For parents and carers of young children particularly, this helps them to avoid finding the pitfalls of the internet on their own. It’s better to allow them to discover these pitfalls with a supportive person sitting next to them. Explore and browse the internet together. Show them what a Google search can produce and show them the ineffective and useless things that a Google search can also produce. Find safe, enjoyable and engaging websites at their age level together.
- Agree on the rules of engagement.
This means discussing together the when of the internet, the time allocation that will be allowed in your household, the type of behaviour that is acceptable, the types of sites that you will and won’t allow access to, and the rules that apply specifically to sharing personal information online.

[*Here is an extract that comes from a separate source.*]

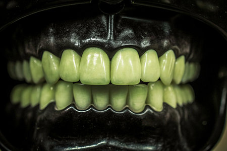 Close up of green artificial teeth for dental prosthetics. Toned.

This should include clear guidelines about which information about themselves is appropriate to share, and which information about themselves is unsafe to share with people they have not yet met face to face.
- Discuss fake friends.
Make it clear to your children that there are people in the online world who will represent themselves as somebody they are not. Ask them about how they would know if a person was not who they claimed to be and point out how difficult that really is. Once children have realised this, they will often decide for themselves that the safest assumption they can make about online friends is that they could be fake. Point out the differences in conduct between friends who might be fakes and those that we know and trust and see regularly.
- Let your children show you what they’re doing online.
It’s very important for children to get affirmation from their parents about positive behaviour and positive activities online. When they complete a game that you’ve agreed is safe, achieving a high score or a personal best in that game, it’s important that they can bring the device over to you and get a pat on the back for a job well done. You’re actually giving them a pat on the back for engaging in the internet positively … they’re just taking it as a pat on the back for killing a thousand aliens! Either way, we are rewarding positive behaviour in the online realm of their lives.
- Encourage ‘cognitive load management’.
This is a technical skill, but is also very important for young people to develop. There is an enormous amount of information available online, and it’s essential to have a strong filter for what’s useless and what’s useful. Practise some Google searches about very generic topics and help them decipher the valuable from the worthless, as if they were completing a school project on this topic.
- Stay positive about the internet.
The more you refer to the internet as a dangerous, as a fearful, as an awful place … the more you encourage your child to take their online behaviour underground and to disengage you from their online world. The internet need not be known as a dark threat, but as something that can be a wonderful tool not only for your children in their lives, but for you, too. When you’re positive about the internet, your children are likely to share more with you about their activity on it.